Kadın en eski ve en alttaki sınıf olarak katmerli bir baskı ve sömürü konusudur. Yeni yeni önü açılan kadın sorunu, kapitalist toplum çerçevesine sığdırılamayacak kadar kapsamlı bir konudur. Kadın özgürlüğü tüm özgürlüklerin genel ölçüsü olarak henüz ilk adımlarını atmaya hazırlanmaktadır. Kadın çağından erkek çağına geçiş, kadın aleyhine büyük kayıplarla yol açmıştır. Beş bin yıllık sınıflı toplum tarihi en çok kadına kaybettirmiştir. Çok yönlü baskı, hakaret, cinsiyet ayrımcılığı, her çeşit eşitsizlik kadına layık görülmüştür. Adeta yanmış, yakılmış olan kadın, küllerinin altından yeni yeni temizlenerek çıkarılmaya çalışılmaktadır. Bireysel tüm hakların hiçbir koşula bağlanmadan kadına tanınması en başta gelen bir husus olması gerekirken, en sondan ve o da sınırlı olarak gündemleştirilmesi, haksızlığın derin ve tarihsel boyutlarıyla ilişkilidir. Konu sosyolojinin bir bilim dalı olabilecek kadar kapsamlı ve kendi başına programlı, planlı, örgütlü demokratik siyasal ve hukuk mücadelesine uzun vadeli girişmeyi gerektirecek kadar önemlidir. Ulusal ve sınıfsal mücadeleden hem öz hem de biçim olarak daha özgün olup hayatiyet arz etmektedir.

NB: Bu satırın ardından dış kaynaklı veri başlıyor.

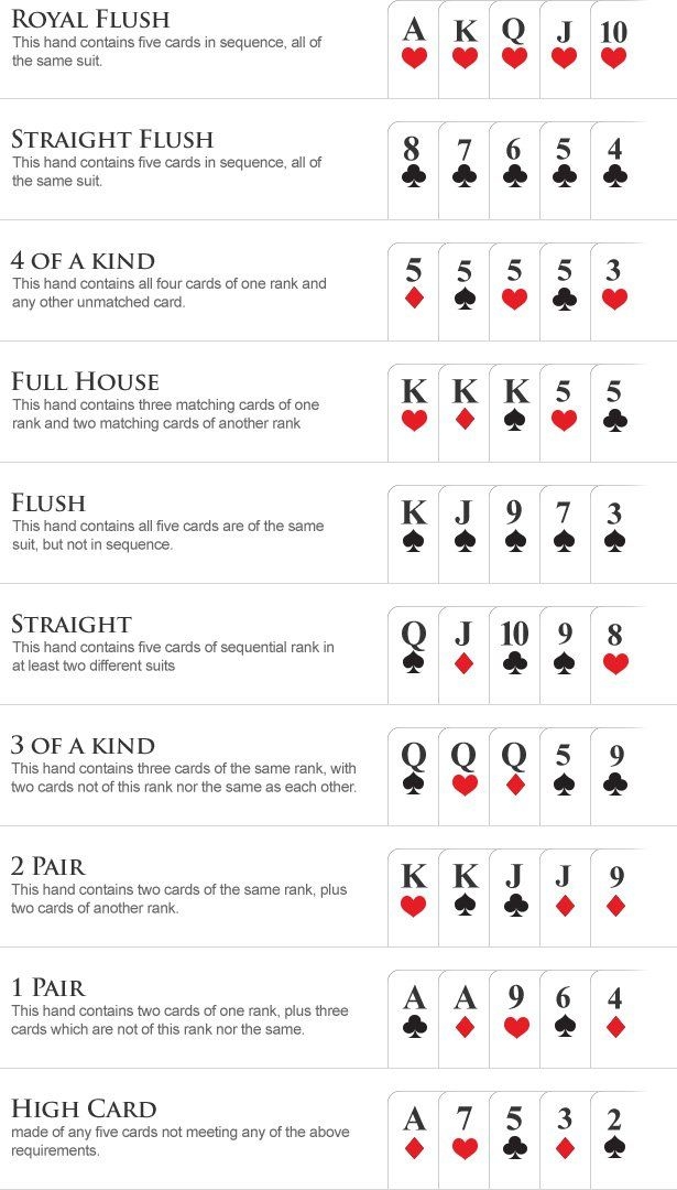 In conclusion, understanding the different types of 5 card poker hands is essential for any player looking to improve their game. Having a printable reference of the hand rankings can be a useful tool for players to have on hand while playing. By studying and memorizing the different hands, players can increase their chances of success and become more skilled at the game of poker.

Günümüzde ancak sorunun adı konmuş, içeriğiyle tam belirlenmemiştir. Programı, stratejisi, örgüt ve eylem biçimleri gündeme tam anlamıyla oturmuş olmaktan uzaktır. Tarih nasıl sınıflı toplum uygarlığına kadının cins köleliği temelinde bir zorbalık, savaş, sömürü ve yalancılık tarihi olarak başladıysa, kadının özgürlük mücadelesi ve onun başarısıyla da bir özgürlük, barış, eşitlik ve doğruluk tarihi olarak yeniden yaratılacak ve yazılacaktır. Bütün göstergeler yeni uygarlığın şafak vaktinde kadın özgürlüğünün belirleyici rol oynayacağını ve tekrar ama daha üst düzeyde bir özgür kadın çağının yaşanabileceğini göstermektedir.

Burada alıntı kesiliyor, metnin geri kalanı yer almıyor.